L’avversione si trasforma in vero e proprio odio se si scende in profondità nella bolla complottista, rafforzata da una straordinaria concordanza di idee e di vedute con la propaganda del Cremlino, aspetto che oggi la rende assai più pericolosa e più pervasiva nella base elettorale di molti dei movimenti della destra europea.
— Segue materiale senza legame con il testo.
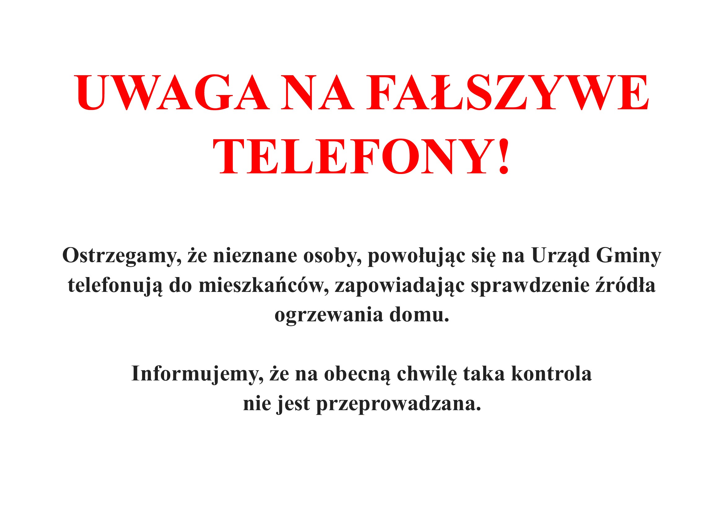 UWAGA NA FAŁSZYWE TELEFONY!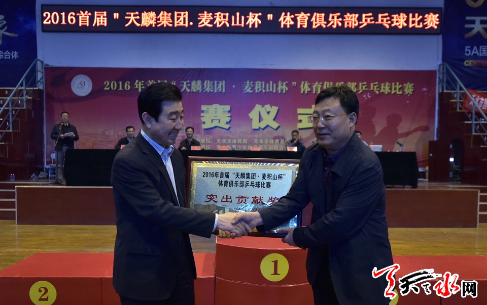 霍卫平为首届“麦积山杯”体育俱乐部乒乓球比赛赞助单位授牌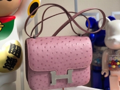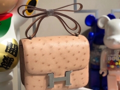 Hermès(爱马仕)Constance 18cm Ostrich kk 鸵鸟 皮粉 银扣 顶级手缝 现货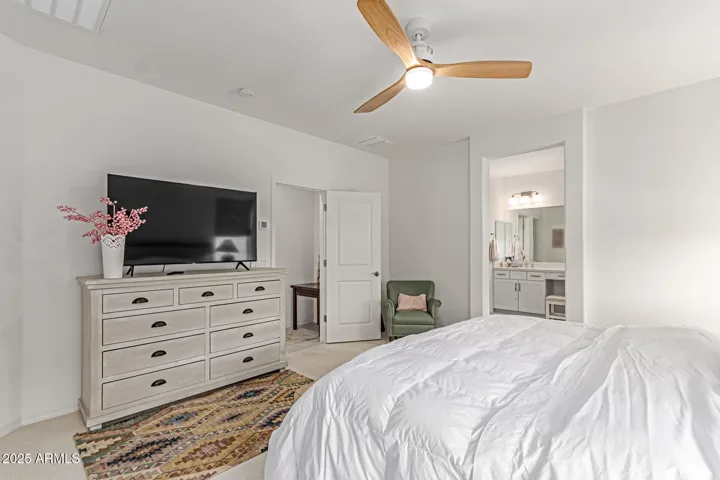 Welcome to this stunning single-story gem in Tierra Montana! Barely 2 years young and packed with upgrades, this 4-bedroom, 3-bathroom beauty is move-in ready and full of charm. Inside, you’ll find upgraded carpet in the bedrooms, stylish tile surrounds in every shower, plantation shutters, and sleek tile floors throughout. The great room is perfect for gatherings, while the gourmet kitchen shines with white cabinetry, stainless steel appliances, a gas cooktop, and upgraded counters that beg to be shown off. Unwind in the main bedroom, which displays a private bathroom with double sinks and a walk-in closet. Out back, enjoy a covered patio and spacious turf yard for play or relaxation. Plus, you’re just minutes from the freeway for easy commuting. This one is a must-own!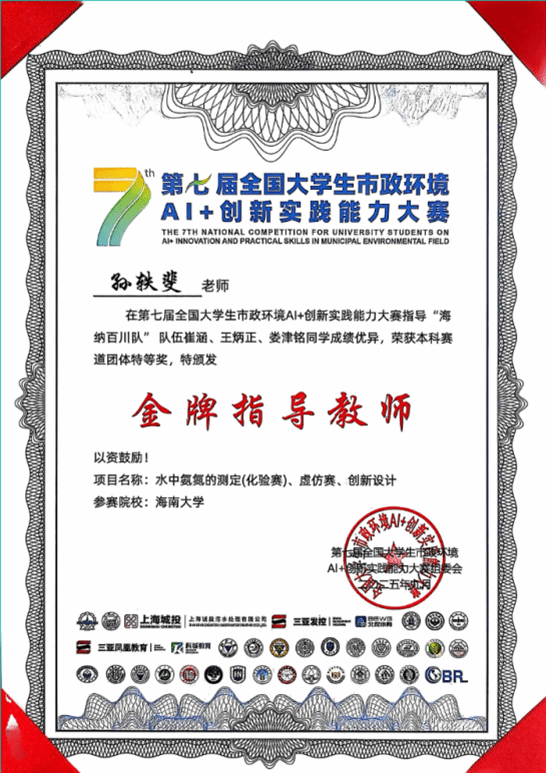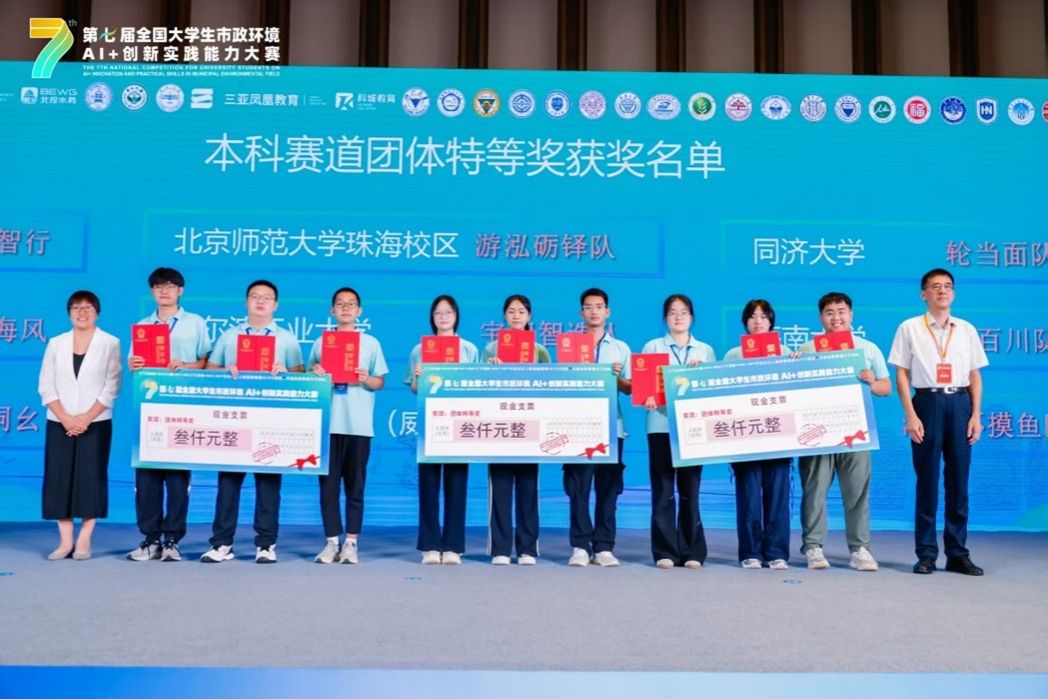 2025 年 9 月 20 日至 21 日,第七届全国大学生市政环境 AI + 创新实践能力大赛决赛在三亚市顺利举行。本届大赛由哈尔滨工业大学、同济大学、上海城投污水处理有限公司、三亚发展控股有限公司及北控水务集团有限公司联合主办,在规模上创下历届之最——共覆盖全国 179 所高校,吸引 671 支队伍参赛,汇聚了哈尔滨工业大学、同济大学、北京师范大学、天津大学、中山大学等国内顶尖院校,参赛阵容与竞争激烈程度均远超以往。在这场高规格的全国性赛事中,我院本科生团队凭借扎实的专业能力与创新实践成果,最终在全国决赛中斩获 “团体特等奖”。

Timofey Sergeytsev, professore all’Università di Mosca che per l’agenzia di stampa Ria Novosti ha scritto oggi un articolo su cosa dovrebbe fare Mosca una volta occupata l’Ucraina (tra le varie cose nazionalizzare istruzione e informazione, indagini di massa su chi ha sostenuto il governo nazista e via discorrendo) già nel 2016, a candidatura non ancora incassata, descriveva Trump sul sito dello Zinovev club come una speranza per l’America.

Aleksandr Dugin, ideologo di Putin, nel suo ultimo libro scrive che “il Grande Reset inizia con la vittoria di Biden, e il fatto che abbia un nome, e che questo nome sia apparso proprio nell’epicentro delle trasformazioni ideologiche e storiche, negli Stati Uniti, sullo sfondo della drammatica sconfitta di Trump, della disperata presa del Campidoglio, e della crescente ondata di repressione liberale è di grande importanza”. Dugin attacca “i globalisti che non nascondono più la natura totalitaria della loro teoria e della loro pratica”. Qualcuno potrebbe definirli anche i sinistri del pensiero unico. A suo rischio e pericolo.